Seit dem 1. April ist Mario Timbal (43) neuer Direktor des Schweizer Radios und Fernsehens italienischer Sprache RSI. Im Gespräch mit der MEDIENWOCHE spricht Timbal über das angeschlagene Image der RSI und die Krise der SRG: Die Unternehmenskultur zu ändern, sei ein langer Prozess.
Im letzten Dezember hat der SRG-Verwaltungsrat Mario Timbal zum neuen RSI-Direktor gewählt als Nachfolger von Maurizio Canetta. Eine wichtige Rolle für diesen Entscheid spielte neben den anerkannten Manager-Fähigkeiten die Tatsache, dass mit Timbal eine valable externe Kandidatur vorlag. Die Favoritin für das Amt, die langjährige Vize-Direktorin und Programmchefin Milena Foletti, hatte als interne Kandidatin das Nachsehen. Sie hat das Unternehmen inzwischen verlassen.
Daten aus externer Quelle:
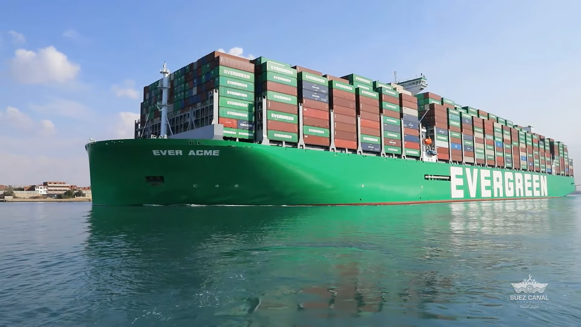 Kontejnerski brod Ever Acme kapaciteta 24.000 TEU, tijekom svog prvog putovanja od Malazije do Nizozemske, 3. veljače, prošao je kroz Sueski kanal. Brod je najnoviji dodatak floti brodova Serije-A tajvanskog brodara Evergreen, a može prevoziti 24.000 kontejnera.
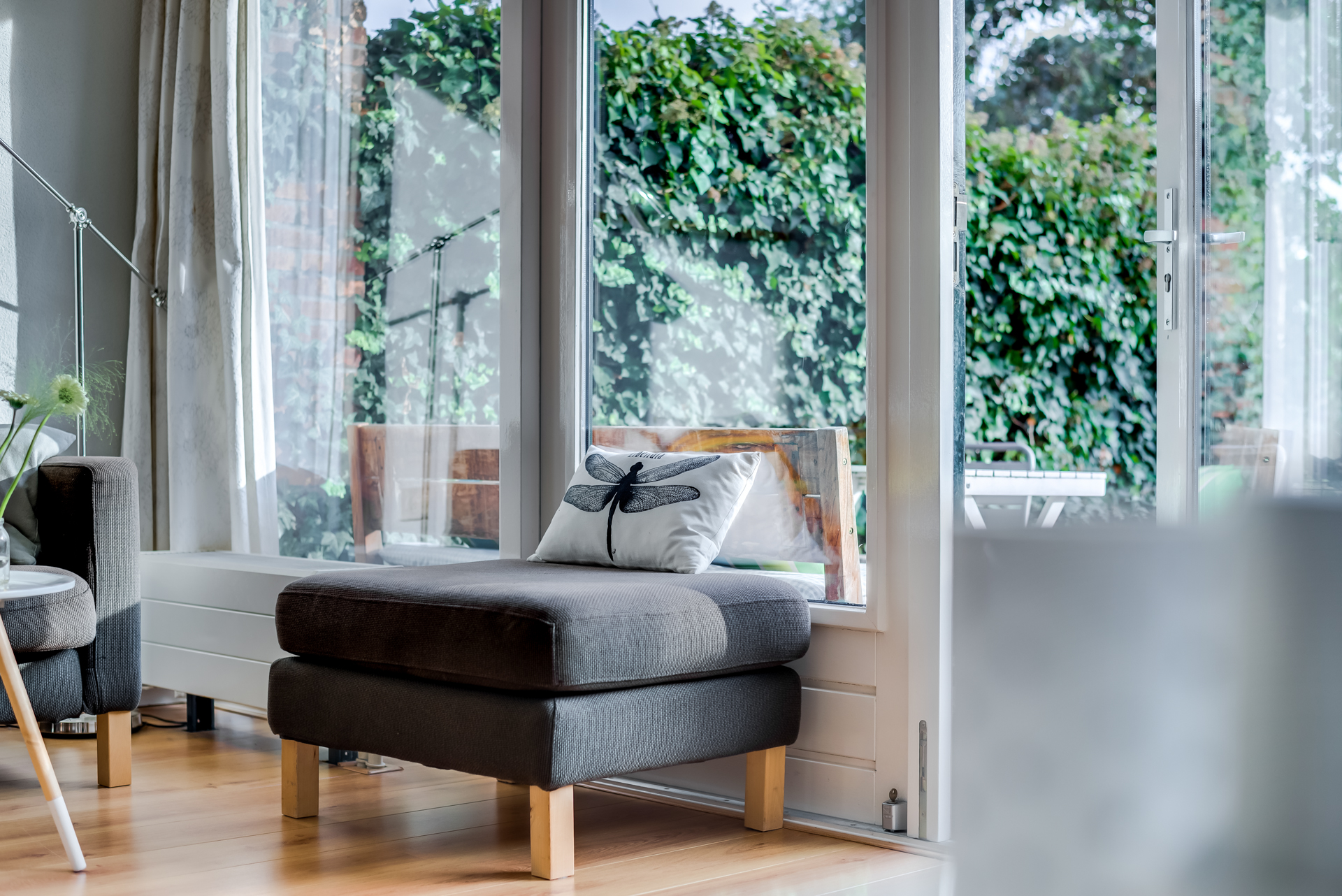 – Schitterend uitzicht vanuit de woonkamer en tuin over het water en het groen;
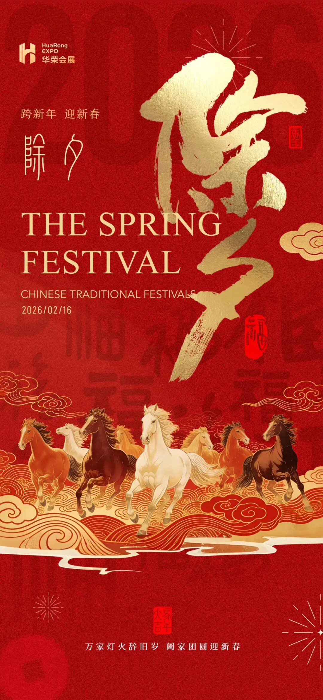 又是一年辞旧岁,今天是除夕,是阖家团圆的重要时刻,值此新春佳节之际,华荣会展祝大家平安过大年,健康永相伴。
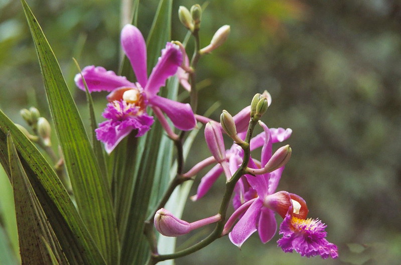 Epidendrum secundum, is one of the crucifix orchids, a little-known reed-stem species, which Dressler (1989) describes as «the Epidendrum secundum complex». According to Dressler, there are dozens of varieties. They can appear in shades of lilac, red, orange, yellow or white, and have a noticeable callus on the trilobed lip with fringes. The plant is quite cold and can tolerate a light frost.
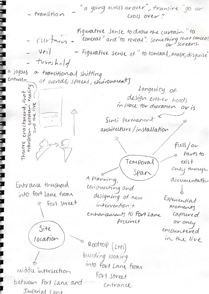 In conjunction with understanding the temporal span of my project, determining and identifying a specific site location within the entire Fort Lane Precinct that I intend to work with is vitally important. What part of the site captured my attention or interest to work with most, a moment where I saw a possibility, an imagining? Which site locations allow for a potentiality of explorations and interventions to be possible? Considering its inherent qualities, its orientation, heritage or industrial features, an internal building interior or external space within the lane or up on the rooftop, or even a threshold moment, a combination of spaces. These aspects of my specified chosen site will need to be carefully considered when designed and planning into the existing area. In order to begin breaking down these thoughts and considerations towards beginning to develop and shape the form I wish for my intervention to take, I mapped out and collated all my current ideas, concepts, perceptions and reflections both in relation to the site and how I responded to it through this cinematic lens. Seeing all my thoughts written down will help me towards building connections to clarify my conceptual interests and explorative direction of intent for my design intervention.
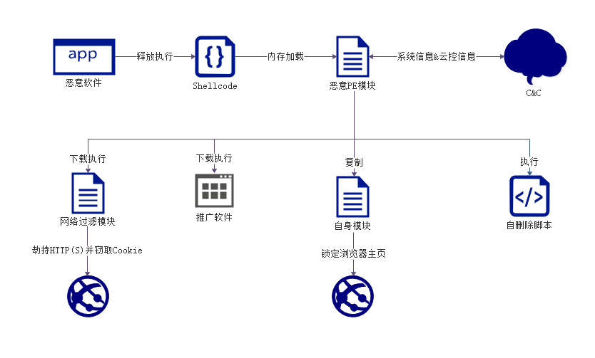 为了躲避取证和查杀,此类病毒大量使用了ShellCode和隐蔽加载技术,如果仅仅用作流氓推广,可谓是“高射炮打蚊子,大材小用”,经过安全专家进一步分析发现,该病毒通过各种绕路后,插入浏览器的恶意代码可以轻松获取各种账号和cookie信息,即便是https加密的网站也难逃此劫,严重威胁到用户的隐私安全。

Als Sohn der früheren Bundesanwältin Carla del Ponte weckte Timbal auch in der Deutschschweiz das Interesse an seiner Person, wo man sonst von RSI kaum Notiz nimmt. Sein Büro befindet sich am RSI-Sitz in Lugano Comano, im sechsten Stock des Hauptgebäudes. Dort fand auch das Gespräch statt.
—
Zur Person
MEDIENWOCHE:
Während sich in der Regel Spitzenkräfte 100 Tage Zeit lassen bis zu einer ersten Bilanz, haben Sie bereits nach zwölf Tagen die lokalen Medien eingeladen, an einem Mitarbeitendengespräch teilzunehmen. Warum?
Mario Timbal:
Im Vordergrund stand die Kontaktaufnahme mit allen Mitarbeiterinnen und Mitarbeitern. Wegen der Pandemie konnte dieses Treffen leider nicht physisch stattfinden, sondern nur online. Viele Mitarbeitende befinden sich im Homeoffice. Mit der Öffnung für Journalisten der italienischen Schweiz wollten wir ein Zeichen der Transparenz setzen. Gemäss dem Grundsatz: Wir haben nichts zu verbergen.
MEDIENWOCHE:
So entstand aber der Eindruck, RSI verstehe sich in erster Linie als Kantonssender, nicht als nationaler Sender.
Timbal:
Dieser Eindruck mag entstanden sein, es war aber nicht unsere Absicht. RSI ist für mich ganz klar ein nationaler SRG-Sender italienischer Sprache.
MEDIENWOCHE:
Trotz dieser nationalen Komponente ist der starke Fokus auf das Regionale bei RSI augenfällig.
Timbal:
Das liegt einfach am Referenzraum. SRF hat viele Deutschschweizer Kantone als Referenzgebiet. Wir haben das Tessin und Italienisch-Graubünden, auch wenn wir auf viele Nutzer ennet des Gotthards zählen können. Das Interview mit einem Tessiner Staatsrat auf RSI hat im Verhältnis ein höheres Gewicht als beispielsweise das Interview eines Regierungsrats eines deutschsprachigen Kantons auf SRF. Das liegt in der Natur der Sache, zumal wir eine Sprachminderheit repräsentieren. Tatsächlich besteht in dieser Ausgangslage eine gewisse Gefahr zur Selbstschau, und deshalb ist es mir so wichtig, das Verhältnis zwischen der italienischen Schweiz und der restlichen Schweiz zu stärken.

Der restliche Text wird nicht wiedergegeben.